Mycelium as Steady Eddie and the Hopeful Monster
Phenotypic Shape and ‘Instability’
Engineering with mycelium often begins in a place of confidence. A strain colonizes cleanly and responds predictably to known parameters. Texture, morphology, mechanics, and bioefficiency align with expectation. The system starts to feel stable.
And then something changes. A dense pigmented crust forms where it shouldn’t. What was once diffuse is now rhizomorphic. Fruiting initiates under noninductive conditions. The phenotype changed, not subtly, but radically and with operational and economic consequences.
These events aren’t necessarily failures. More often than not, they are the fungus responding rationally to the instructions it has been given. A shift in humidity, a gradient in gas exchange, a slight nutrient imbalance; what appears to us as instability is often the mycelium interpreting those signals and adjusting its development accordingly (it might, in fact, reflect stability). The phenotype hasn’t gone wrong; it has simply gone somewhere we didn’t intend, revealing that what we observe in day-to-day cultivation is only a narrow slice of what the organism is capable of expressing.
This bears the concept of the global phenotype: the full range of morphological and functional outcomes available to a fungal genotype across the practical vocabulary of environment, nutrition, space, and time. Within this range we can imagine:
Steady Eddie; the stabilizing force that preserves nuclear fidelity, maintains consistent morphology, and suppresses drift.
The Hopeful Monster; the rare but instructive emergence of extreme phenotypes that lie just outside the bounds of what’s expected; the ridges, points, and edge-cases of the topology of the global phenotype.

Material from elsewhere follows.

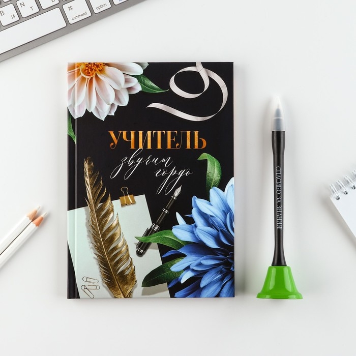 Подарочный набор «УЧИТЕЛЬ звучит гордо»: ежедневник и ручка-колокольчик (шариковая, синяя паста, 1 мм)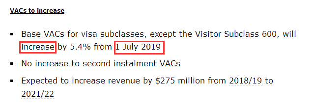 從2019年7月1日起,除600旅游簽外,其他所有簽證的申請費將增加5.4%。不增加二次簽證費(Second instalment VACs)

These are coexisting features of a system that can be both highly stable and highly plastic.
The Global Phenotype
Phenotype is not a fixed object. It is the product of interaction between genotype, environment, and unfolding conditions through space and time. In fungi, this interaction is particularly expansive. Even within a single strain, mycelial form can shift dramatically in response to substrate density, humidity, nutrient availability, gas composition, and more. Morphology is not merely influenced by these parameters; it is composed of them.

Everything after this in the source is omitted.